::: Provided records :::

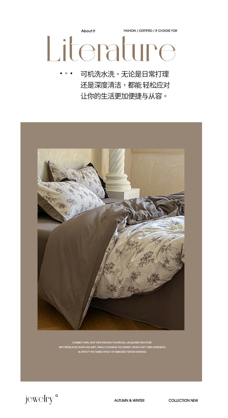 繁花家居 2025秋冬磨毛复古亚麻棉麻提花超软四件套 素锦花漾
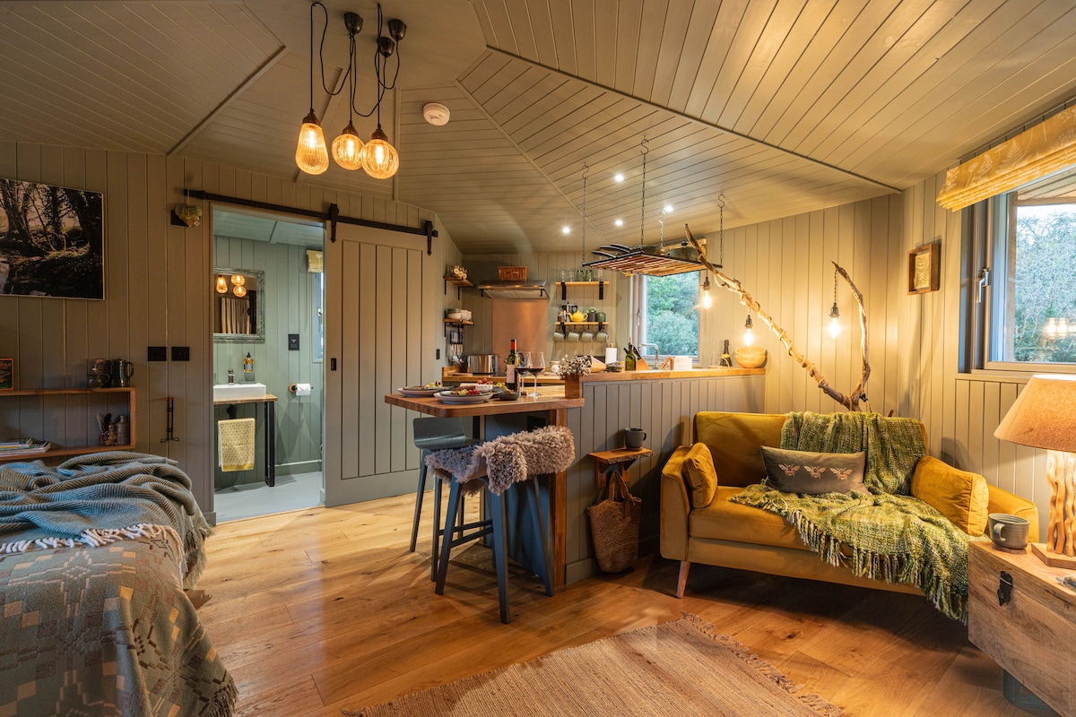 Copper Hide, Galler'in batı kıyısındaki Arth Valley Retreat'te benzersiz bir kaçış noktasıdır. Bu eski süt sağımhanesi birkaç yıl önce konut haline getirildi, ancak yakın zamanda (2024) tamamen yenilendi. Kayar kapaklı küvet, büyük yıldız izleme pencereli asma kat yatağı ve odun sobası. Konaklamanız sırasında şelaleleri olan bir nehre akan vadimizde dolaşmakta özgürsünüz. Denize sadece birkaç dakika uzaklıkta. Gelin ve doğanın kucağındaki bu romantik mekânın tadını çıkarın.
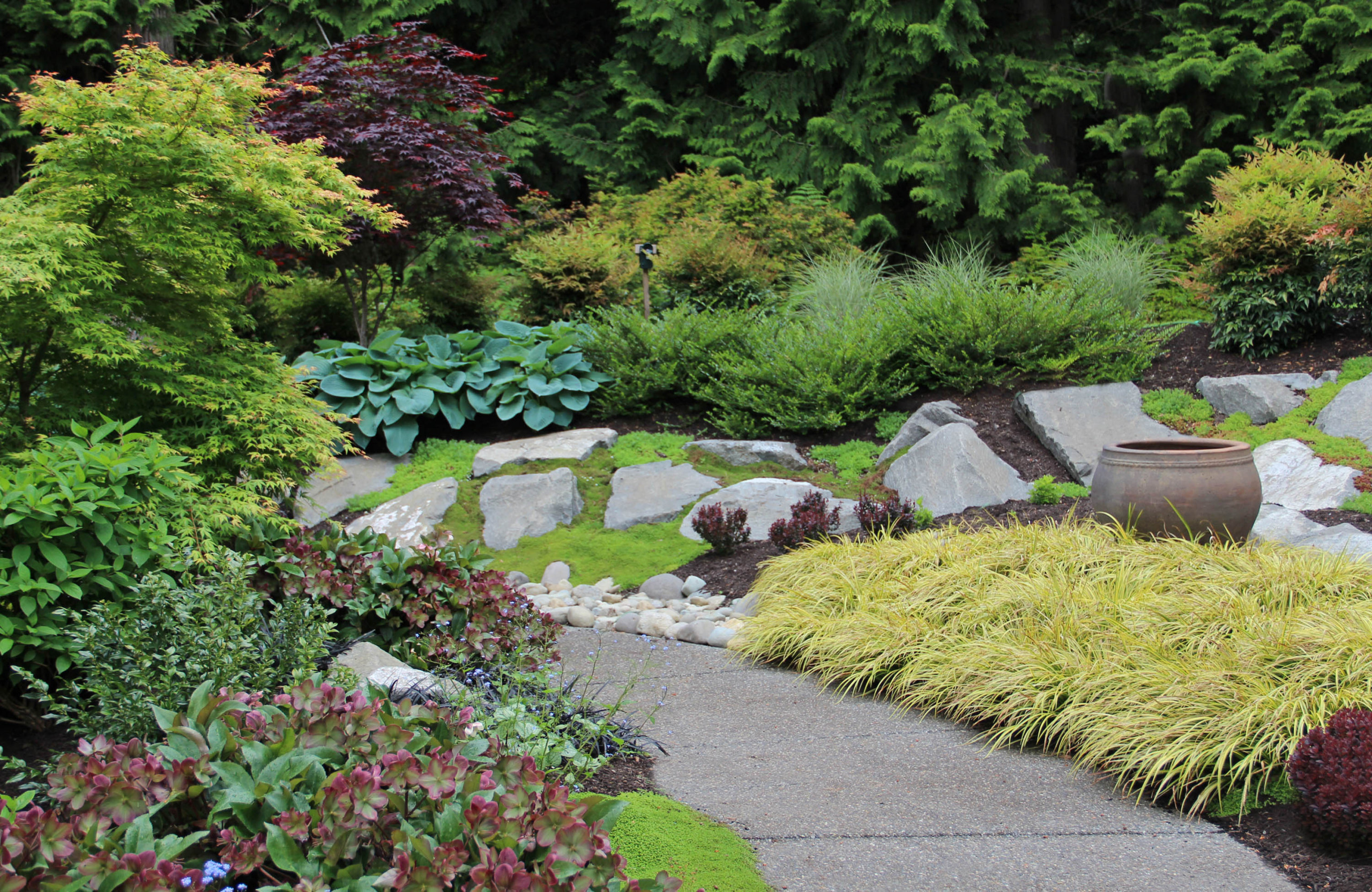Along this dry streambed, bold-leaved hostas contrast with delicate conifer needles, ruffled purple coral bells (Heuchera sp.) and fine-textured bright green ‘Angelina’ stonecrop (Sedum rupestre ‘Angelina’). As the plants fill in and grow to maturity, the contrast among the coarse and fine textures will become more dramatic.
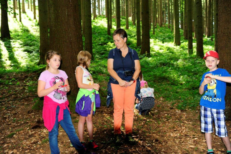 Der Förster besuchte die größte Fichte des Waldes, um den Einfluss von Licht, Schatten und Nährstoffen zu erforschen. Laubfrösche, Erdkröten, Spinnen, Früchte und Pflanzen des Waldes zuzuordnen stießen dennoch auf Hindernisse, die von Ing. Christian Brunner mit vielen  verständlichen Worten erklärt wurden.
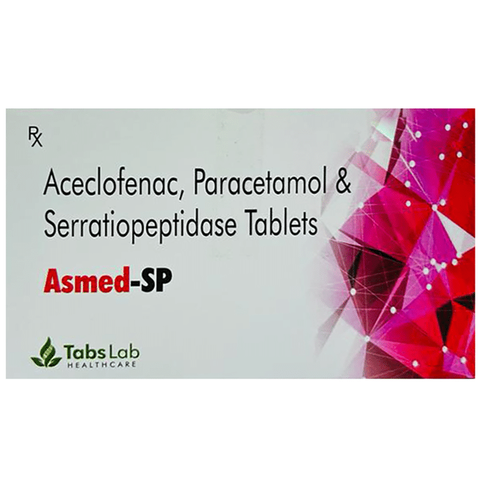Manufacturer details:                                        Marketer details:Tabs Lab Healthcare LLP | SHOP NO. 25, GROUND FLOOR, AGRO MALL, SECTOR-20, PANCHKULA 134117,                                                Description:Asmed-SP Tablet is a combination medicine used to relieve pain and swelling in various conditions like muscle pain, joint pain, and postoperative pain. Thus, it effectively alleviates pain and inflammation in conditions like rheumatoid arthritis, ankylosing spondylitis, and osteoarthritis. Asmed-SP Tablet should be taken in the dose and duration as advised by your doctor. It should be taken with food or milk to prevent stomach upset. Taking the medicine regularly at the right times increases its effectiveness. It is important to keep taking the medicine regularly until your doctor tells you it is safe to stop.Nausea, vomiting, stomach pain, indigestion, heartburn, increased liver enzymes, dizziness,drowsiness, and diarrhea are some of the common side effects that might be observed on taking this medicine. Your doctor may regularly monitor your kidney function, liver function, and levels of blood components if you are taking this medicine for long-term treatment. Long-term use may lead to serious complications such as stomach bleeding and kidney problems. Asmed-SP Tablet is not recommended if you are pregnant or breastfeeding.

:::

- _Directions_
Output the full set of records above without changing a word, and drop the images.

- _Solution_
 繁花家居 2025秋冬磨毛复古亚麻棉麻提花超软四件套 素锦花漾
 Copper Hide, Galler'in batı kıyısındaki Arth Valley Retreat'te benzersiz bir kaçış noktasıdır. Bu eski süt sağımhanesi birkaç yıl önce konut haline getirildi, ancak yakın zamanda (2024) tamamen yenilendi. Kayar kapaklı küvet, büyük yıldız izleme pencereli asma kat yatağı ve odun sobası. Konaklamanız sırasında şelaleleri olan bir nehre akan vadimizde dolaşmakta özgürsünüz. Denize sadece birkaç dakika uzaklıkta. Gelin ve doğanın kucağındaki bu romantik mekânın tadını çıkarın.
Along this dry streambed, bold-leaved hostas contrast with delicate conifer needles, ruffled purple coral bells (Heuchera sp.) and fine-textured bright green ‘Angelina’ stonecrop (Sedum rupestre ‘Angelina’). As the plants fill in and grow to maturity, the contrast among the coarse and fine textures will become more dramatic.
 Der Förster besuchte die größte Fichte des Waldes, um den Einfluss von Licht, Schatten und Nährstoffen zu erforschen. Laubfrösche, Erdkröten, Spinnen, Früchte und Pflanzen des Waldes zuzuordnen stießen dennoch auf Hindernisse, die von Ing. Christian Brunner mit vielen  verständlichen Worten erklärt wurden.
Manufacturer details:                                        Marketer details:Tabs Lab Healthcare LLP | SHOP NO. 25, GROUND FLOOR, AGRO MALL, SECTOR-20, PANCHKULA 134117,                                                Description:Asmed-SP Tablet is a combination medicine used to relieve pain and swelling in various conditions like muscle pain, joint pain, and postoperative pain. Thus, it effectively alleviates pain and inflammation in conditions like rheumatoid arthritis, ankylosing spondylitis, and osteoarthritis. Asmed-SP Tablet should be taken in the dose and duration as advised by your doctor. It should be taken with food or milk to prevent stomach upset. Taking the medicine regularly at the right times increases its effectiveness. It is important to keep taking the medicine regularly until your doctor tells you it is safe to stop.Nausea, vomiting, stomach pain, indigestion, heartburn, increased liver enzymes, dizziness,drowsiness, and diarrhea are some of the common side effects that might be observed on taking this medicine. Your doctor may regularly monitor your kidney function, liver function, and levels of blood components if you are taking this medicine for long-term treatment. Long-term use may lead to serious complications such as stomach bleeding and kidney problems. Asmed-SP Tablet is not recommended if you are pregnant or breastfeeding.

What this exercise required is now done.